In [1]:
import random
import json
from datetime import datetime, timedelta
import torch
from datasets import Dataset
from transformers import (
    AutoModelForCausalLM,
    AutoTokenizer,
    TrainingArguments,
    Trainer,
    DataCollatorForLanguageModeling,
    logging
)
from peft import LoraConfig, get_peft_model

In [2]:
# Enable logging for visibility
logging.set_verbosity_info()

In [3]:
# === Step 1: Preprocess JSON files to flatten 'response' field ===
def flatten_json(input_path):
    with open(input_path, "r") as f:
        raw_data = json.load(f)

    formatted_data = []
    for item in raw_data:
        instruction = item["instruction"].strip()
        response = json.dumps(item["response"], indent=2)  # Convert dict to string
        prompt = f"Instruction: {instruction} \nResponse:\n{response}"
        formatted_data.append({"text": prompt})
    return formatted_data

In [4]:
# Load and flatten train/test datasets
train_data = flatten_json(r"C:\Users\T14 gen2\Documents\SementicSearch\train_data.json")
test_data = flatten_json(r"C:\Users\T14 gen2\Documents\SementicSearch\test_data.json")

In [5]:
# Convert to HuggingFace Dataset objects
train_dataset = Dataset.from_list(train_data)
test_dataset = Dataset.from_list(test_data)

In [6]:
# === Step 2: Load model and tokenizer ===
model_path = r"C:\Users\T14 gen2\Documents\SementicSearch\Tinyllama"
tokenizer = AutoTokenizer.from_pretrained(model_path)
tokenizer.pad_token = tokenizer.eos_token
model = AutoModelForCausalLM.from_pretrained(model_path, device_map="auto")
model.config.pad_token_id = tokenizer.pad_token_id

loading file tokenizer.model
loading file tokenizer.json
loading file added_tokens.json
loading file special_tokens_map.json
loading file tokenizer_config.json
loading file chat_template.jinja
loading configuration file C:\Users\T14 gen2\Documents\SementicSearch\Tinyllama\config.json
Model config LlamaConfig {
  "architectures": [
    "LlamaForCausalLM"
  ],
  "attention_bias": false,
  "attention_dropout": 0.0,
  "bos_token_id": 1,
  "dtype": "bfloat16",
  "eos_token_id": 2,
  "head_dim": 64,
  "hidden_act": "silu",
  "hidden_size": 2048,
  "initializer_range": 0.02,
  "intermediate_size": 5632,
  "max_position_embeddings": 2048,
  "mlp_bias": false,
  "model_type": "llama",
  "num_attention_heads": 32,
  "num_hidden_layers": 22,
  "num_key_value_heads": 4,
  "pretraining_tp": 1,
  "rms_norm_eps": 1e-05,
  "rope_scaling": null,
  "rope_theta": 10000.0,
  "tie_word_embeddings": false,
  "transformers_version": "4.57.1",
  "use_cache": true,
  "vocab_size": 32000
}

loading weights file

In [7]:
# === Step 3: Apply LoRA for efficient fine-tuning ===
lora_config = LoraConfig(
    r=8,
    lora_alpha=16,
    target_modules=["q_proj", "v_proj"],
    lora_dropout=0.05,
    bias="none",
    task_type="CAUSAL_LM",
)

model = get_peft_model(model, lora_config)
model.print_trainable_parameters()

trainable params: 1,126,400 || all params: 1,101,174,784 || trainable%: 0.1023


In [8]:
# === Step 4: Tokenize the dataset ===
def tokenize(batch):
    return tokenizer(batch["text"], truncation=True, padding="max_length", max_length=256)
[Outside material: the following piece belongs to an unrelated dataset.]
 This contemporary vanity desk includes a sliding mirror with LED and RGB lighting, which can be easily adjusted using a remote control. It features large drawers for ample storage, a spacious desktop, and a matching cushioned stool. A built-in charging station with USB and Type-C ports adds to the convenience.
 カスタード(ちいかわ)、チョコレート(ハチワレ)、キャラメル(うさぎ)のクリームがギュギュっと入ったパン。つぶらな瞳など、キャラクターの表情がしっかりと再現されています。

tokenized_train = train_dataset.map(tokenize, batched=True, remove_columns=["text"])
tokenized_test = test_dataset.map(tokenize, batched=True, remove_columns=["text"])

Map:   0%|          | 0/960 [00:00<?, ? examples/s]
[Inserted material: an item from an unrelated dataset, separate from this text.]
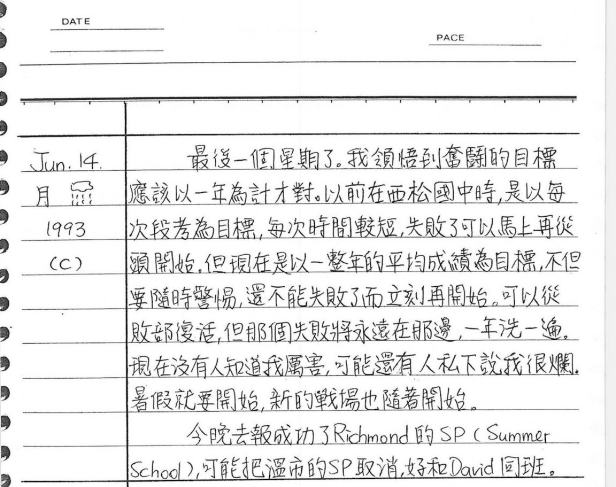 以下是30年前的今天(1993年6月14日)當時16歲的你所親筆寫下的日記:

Map:   0%|          | 0/240 [00:00<?, ? examples/s]

In [9]:
# === Step 5: Setup data collator ===
data_collator = DataCollatorForLanguageModeling(tokenizer=tokenizer, mlm=False)

In [10]:
# === Step 6: Define training arguments ===
training_args = TrainingArguments(
    output_dir="./tinyllama-finetuned",
    overwrite_output_dir=True,
    num_train_epochs=3,
    per_device_train_batch_size=4,
    gradient_accumulation_steps=4,
    learning_rate=2e-4,
    fp16=torch.cuda.is_available(),
    save_steps=500,
    logging_steps=20,
    save_total_limit=2,
    eval_steps=500,
)

PyTorch: setting up devices
The default value for the training argument `--report_to` will change in v5 (from all installed integrations to none). In v5, you will need to use `--report_to all` to get the same behavior as now. You should start updating your code and make this info disappear :-).


In [11]:
# === Step 7: Setup Trainer ===
trainer = Trainer(
    model=model,
    args=training_args,
    train_dataset=tokenized_train,
    eval_dataset=tokenized_test,
    data_collator=data_collator,
)

The model is already on multiple devices. Skipping the move to device specified in `args`.


In [None]:
# Train the model
trainer.train()

***** Running training *****
  Num examples = 960
  Num Epochs = 3
  Instantaneous batch size per device = 4
  Total train batch size (w. parallel, distributed & accumulation) = 16
  Gradient Accumulation steps = 4
  Total optimization steps = 180
  Number of trainable parameters = 1,126,400


Step,Training Loss
20,1.0074
40,0.4438


In [None]:
# Save final model and tokenizer
trainer.save_model("./tinyllama-finetuned-detailed")
tokenizer.save_pretrained("./tinyllama-finetuned-detailed")